* [TASK DIRECTIONS]: Word for word, give the data again without its pictures.

☆ ☆ ☆

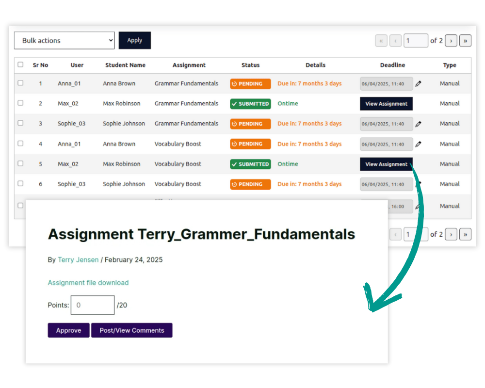 This streamlined LearnDash assignment management saves valuable time, allowing you to quickly update deadlines for multiple students at once, boosting productivity.
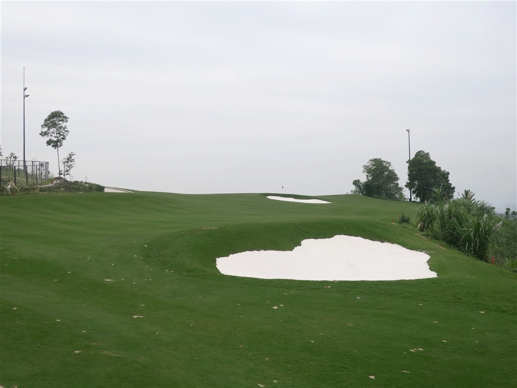 それでも急な打ち上げ、打ち下ろしのホールが多く、1番358ヤードの打ち下ろしは、あまりにも急な下り勾配なので、ロングヒッターならFWウッドでグリーンまで届くし、14番のパー5ではティからグリーンまで100メートル近くの打ち下ろしになる。2番パー4、3番パー4は垂直に上っていると思うぐらい、打ち上げになり、4番パー5のティショットは30メートぐらいの打ち下ろし。というようにローラーコースターのルーティンが最後まで続く。カートを使用してもホール間のインターバルが長すぎるのもいくつかある。無理があるルーティングだけでなく、コースのメンテナンスも正直あまり良くない。ただこのコースは各ホールの印象度、ルーティング、レイアウトの良さで判断するのでなく、リゾートコースとしてハロン湾の絶景を味わうのと、他のコースではあまり経験できない豪快な打ち下ろし、打ち上げホールを楽しむようないくつかのホールの個性を評価したい。
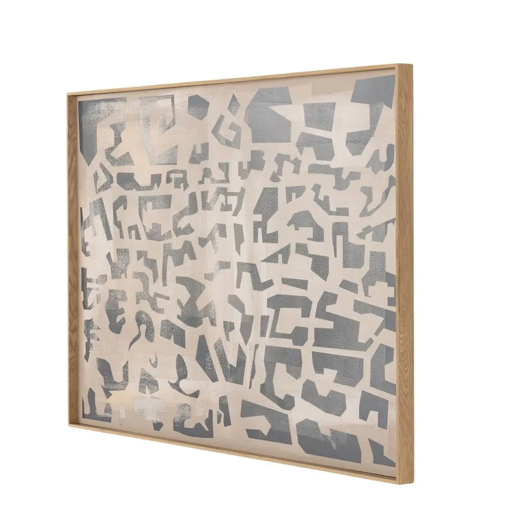 A Bangkok-based art house devoted to pioneering a unique brand of digital artisanship. Their works are created using an applied fusion of hand and machine, merging traditional handcrafted works like origami and stencil cutting with modern rendering technologies such as computer modeling, milling and cutting. Primitive shapes float throughout this piece. Framed for a gallery-quality look. Handmade in Austin, Texas.
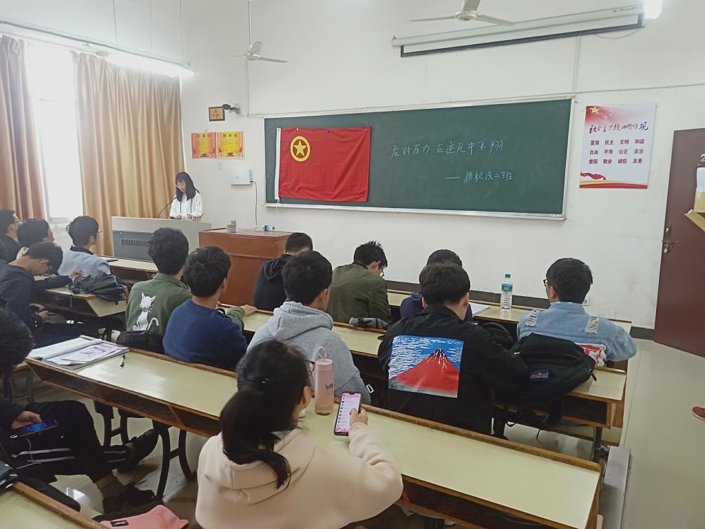 2019年4月11日,18机设2班在英华楼3612这个温暖的教室里举办了“应对压力,逆风飞翔”主题活动,活动由宋丽敏同学主持。开展此次活动旨在让同学们能够从容应对压力,学会在逆风中飞翔。
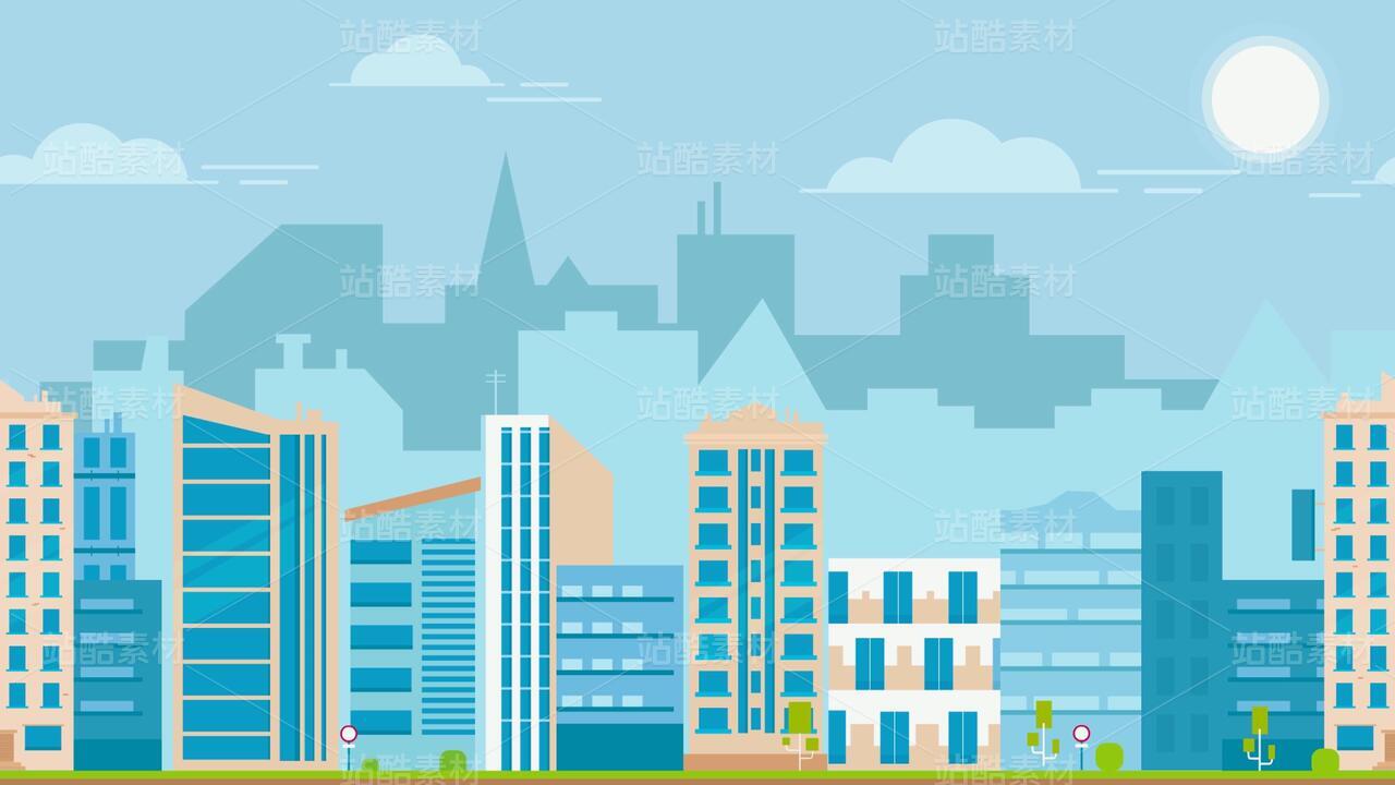 循环扁平化城市风光动态素材
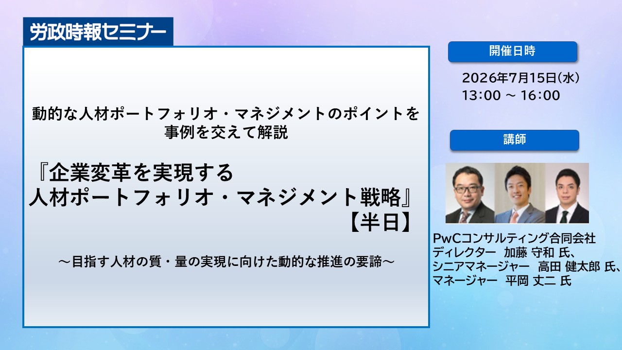 ※本講座ご参加の皆様には講師執筆書籍『企業変革を実現する 人材ポートフォリオ・マネジメント戦略』(労務行政)を進呈します。
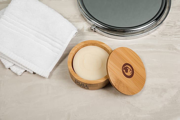 Bulldog Original Shave Soap er en barbersæbe i en stilfuld og holdbar bambusskål.
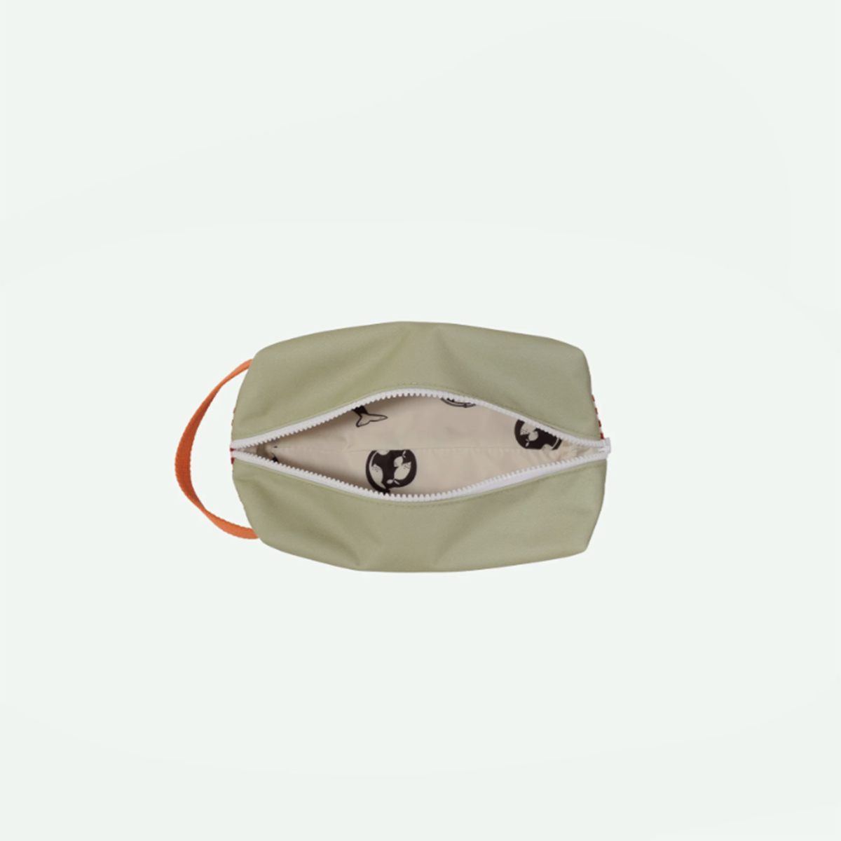 All’interno trovi una fodera impermeabile con un motivo disegnato a mano. La pratica maniglia lo rende facilissimo da trasportare ovunque.
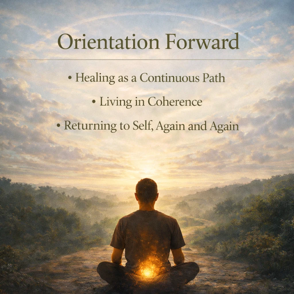 This closing section is not an endpoint—it is a reorientation. Healing is not something completed once and then left behind; it is an ongoing relationship with awareness, regulation, and alignment. What has been built throughout this framework is not a rigid system, but a living process—one that adapts, deepens, and refines over time. Orientation forward means carrying this understanding into daily life, not as effort, but as a steady return point.

☆ ☆ ☆

* [RESULT OF THE EXERCISE]:
 This streamlined LearnDash assignment management saves valuable time, allowing you to quickly update deadlines for multiple students at once, boosting productivity.
 それでも急な打ち上げ、打ち下ろしのホールが多く、1番358ヤードの打ち下ろしは、あまりにも急な下り勾配なので、ロングヒッターならFWウッドでグリーンまで届くし、14番のパー5ではティからグリーンまで100メートル近くの打ち下ろしになる。2番パー4、3番パー4は垂直に上っていると思うぐらい、打ち上げになり、4番パー5のティショットは30メートぐらいの打ち下ろし。というようにローラーコースターのルーティンが最後まで続く。カートを使用してもホール間のインターバルが長すぎるのもいくつかある。無理があるルーティングだけでなく、コースのメンテナンスも正直あまり良くない。ただこのコースは各ホールの印象度、ルーティング、レイアウトの良さで判断するのでなく、リゾートコースとしてハロン湾の絶景を味わうのと、他のコースではあまり経験できない豪快な打ち下ろし、打ち上げホールを楽しむようないくつかのホールの個性を評価したい。
 A Bangkok-based art house devoted to pioneering a unique brand of digital artisanship. Their works are created using an applied fusion of hand and machine, merging traditional handcrafted works like origami and stencil cutting with modern rendering technologies such as computer modeling, milling and cutting. Primitive shapes float throughout this piece. Framed for a gallery-quality look. Handmade in Austin, Texas.
 2019年4月11日,18机设2班在英华楼3612这个温暖的教室里举办了“应对压力,逆风飞翔”主题活动,活动由宋丽敏同学主持。开展此次活动旨在让同学们能够从容应对压力,学会在逆风中飞翔。
 循环扁平化城市风光动态素材
 ※本講座ご参加の皆様には講師執筆書籍『企業変革を実現する 人材ポートフォリオ・マネジメント戦略』(労務行政)を進呈します。
 Bulldog Original Shave Soap er en barbersæbe i en stilfuld og holdbar bambusskål.
 All’interno trovi una fodera impermeabile con un motivo disegnato a mano. La pratica maniglia lo rende facilissimo da trasportare ovunque.
 This closing section is not an endpoint—it is a reorientation. Healing is not something completed once and then left behind; it is an ongoing relationship with awareness, regulation, and alignment. What has been built throughout this framework is not a rigid system, but a living process—one that adapts, deepens, and refines over time. Orientation forward means carrying this understanding into daily life, not as effort, but as a steady return point.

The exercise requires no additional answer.